Documents Required for Loan Restructuring
The lender may ask you to submit the following documents:
- Loan account statement
- Income proof (salary slips, bank statements, ITR)
- Latest credit report
- Letter explaining financial hardship
- Medical bills or termination letter (if applicable)
- Business loss documents (for entrepreneurs)
Step-by-Step Loan Restructuring Process
Here’s how the loan restructuring process typically works:
1. Initiate the Request
Contact your lender (bank or NBFC) and formally request loan restructuring. This can often be done via:
- Online portal
- Email/phone
- In-person branch visit
2. Submit the Application and Documents
Fill in the restructuring request form and attach all required documents. Be honest and detailed about your financial situation.

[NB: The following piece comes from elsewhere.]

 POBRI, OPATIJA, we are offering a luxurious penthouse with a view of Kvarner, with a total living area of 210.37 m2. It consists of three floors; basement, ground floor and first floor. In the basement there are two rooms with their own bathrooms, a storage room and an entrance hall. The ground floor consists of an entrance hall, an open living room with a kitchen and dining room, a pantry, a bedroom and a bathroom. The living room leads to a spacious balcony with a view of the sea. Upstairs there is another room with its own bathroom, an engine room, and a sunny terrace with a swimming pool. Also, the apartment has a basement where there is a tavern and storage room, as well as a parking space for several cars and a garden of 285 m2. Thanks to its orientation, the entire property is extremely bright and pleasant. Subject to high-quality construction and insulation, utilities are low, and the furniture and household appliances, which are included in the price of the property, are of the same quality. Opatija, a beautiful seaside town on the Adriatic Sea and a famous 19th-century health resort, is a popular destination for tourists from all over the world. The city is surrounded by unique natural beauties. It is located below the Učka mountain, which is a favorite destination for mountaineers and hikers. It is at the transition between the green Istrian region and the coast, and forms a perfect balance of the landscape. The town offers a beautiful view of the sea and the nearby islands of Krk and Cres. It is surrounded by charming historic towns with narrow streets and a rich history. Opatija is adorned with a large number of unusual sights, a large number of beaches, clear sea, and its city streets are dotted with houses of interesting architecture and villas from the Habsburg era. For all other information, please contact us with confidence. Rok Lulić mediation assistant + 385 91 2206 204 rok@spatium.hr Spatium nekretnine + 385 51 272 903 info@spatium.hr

3. Assessment by the Lender
The lender will assess:
- Your financial situation
- Viability of restructuring
- Risk involved
This may include credit checks and internal audits.
4. Offer of Restructuring Terms
If approved, the lender will propose new repayment terms, such as:
- Lower EMIs
- Extended tenure
- Interest-only payment for a few months
5. Signing of Restructuring Agreement
Once you agree to the terms, you’ll sign a formal agreement. Some lenders may charge a nominal fee for this.

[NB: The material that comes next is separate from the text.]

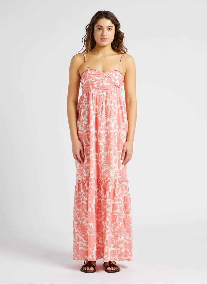 Made from 100% cotton, this long strapless dress features a beautiful all-over floral print in soft pink, creating a light and airy feel ideal for warm-weather days. Whether you’re heading to the beach or a garden party, this feminine piece will have you looking effortlessly elegant. Shop now and steal the spotlight in this dreamy dress at an irresistible price!

6. Implementation of New Terms
The new terms are applied to your account, and you begin repayments as per the revised schedule.

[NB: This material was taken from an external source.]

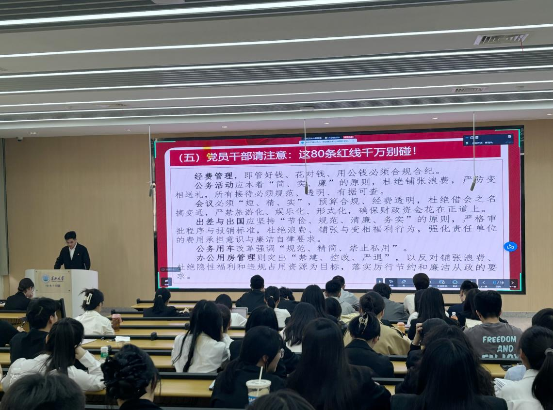 主题研讨阶段,全体党员围绕“在日常生活中,如何在学习和生活中严守纪律底线”等议题展开讨论。刘露同志提到,作为一名研究生,在学习过程中要保证学术态度端正,在论文撰写过程中及时标注数据来源,以实际行动担当青年责任。其他同志依次发言。通过深入研讨,大家将理论学习成果转化为具体行动建议,展现了支部党员的集体智慧和责任担当。
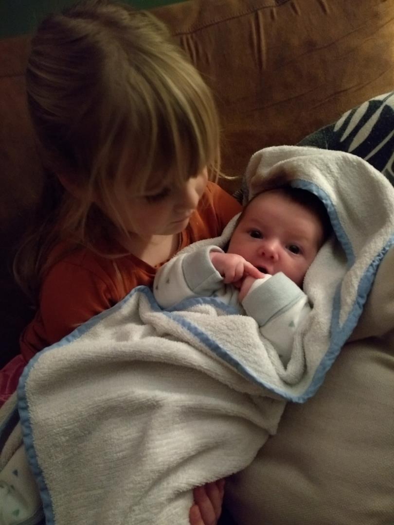 Als het tijd is om Ben in bad te doen zijn de meiden ook altijd wel in de buurt van de badkamer te vinden. Even de handoek aangeven of helpen met haartjes wassen 🙂

Example: Loan Restructuring Scenario
Original Loan | Restructured Loan |
---|---|
₹10 lakh home loan | ₹10 lakh (unchanged principal) |
Interest: 9% for 10 years | Interest: 8.5% for 15 years |
EMI: ₹12,668 | EMI: ₹9,847 |
Benefit: ₹2,821/month saved | Longer term but easier repayment |
Pros and Cons of Loan Restructuring
✅ Benefits
- Avoids loan default and credit score damage
- Gives financial breathing room
- Can reduce EMIs or provide a repayment pause
- No need for a new loan application
❌ Drawbacks
- Extended tenure = more total interest paid
- May impact your credit report as “restructured”
- Some lenders charge processing or restructuring fees
- Can affect future loan eligibility
Will Restructuring Affect My Credit Score?
Yes, but not always negatively.
Loan restructuring is often reported to credit bureaus. While it’s not as damaging as a default, it may indicate financial stress and impact your creditworthiness slightly. Future lenders might ask for an explanation when you apply for a new loan.
However, defaulting is far worse than opting for restructuring.
RBI Guidelines on Loan Restructuring (India)
The Reserve Bank of India (RBI) has introduced frameworks like:
- Resolution Framework 1.0 & 2.0 (for COVID-19)
- One-time restructuring for personal and MSME loans
These frameworks help ensure fair and standardized treatment across banks.
Tips Before Opting for Loan Restructuring
- Evaluate your financial recovery plan
- Compare with other options like top-up loans or balance transfer
- Ask the lender about all charges, risks, and credit score implications
- Get the new repayment schedule in writing
- Consult a financial advisor, if needed
Final Thoughts
Loan restructuring can be a valuable relief option during financial hardship—but it should be used wisely. It’s not a free pass, but rather a second chance to stay on track and avoid defaulting. Always read the fine print and choose the option that aligns best with your long-term financial goals.
FAQs:
Q1. Can all types of loans be restructured?
Most loans like personal, home, auto, and business loans can be considered. However, credit card dues and unsecured loans may be less flexible.
Q2. Is restructuring the same as loan settlement?
No. Restructuring adjusts terms; settlement involves paying a reduced amount, which severely affects your credit score.
Q3. How long does the restructuring process take?
Typically 7–30 days, depending on the lender and case complexity.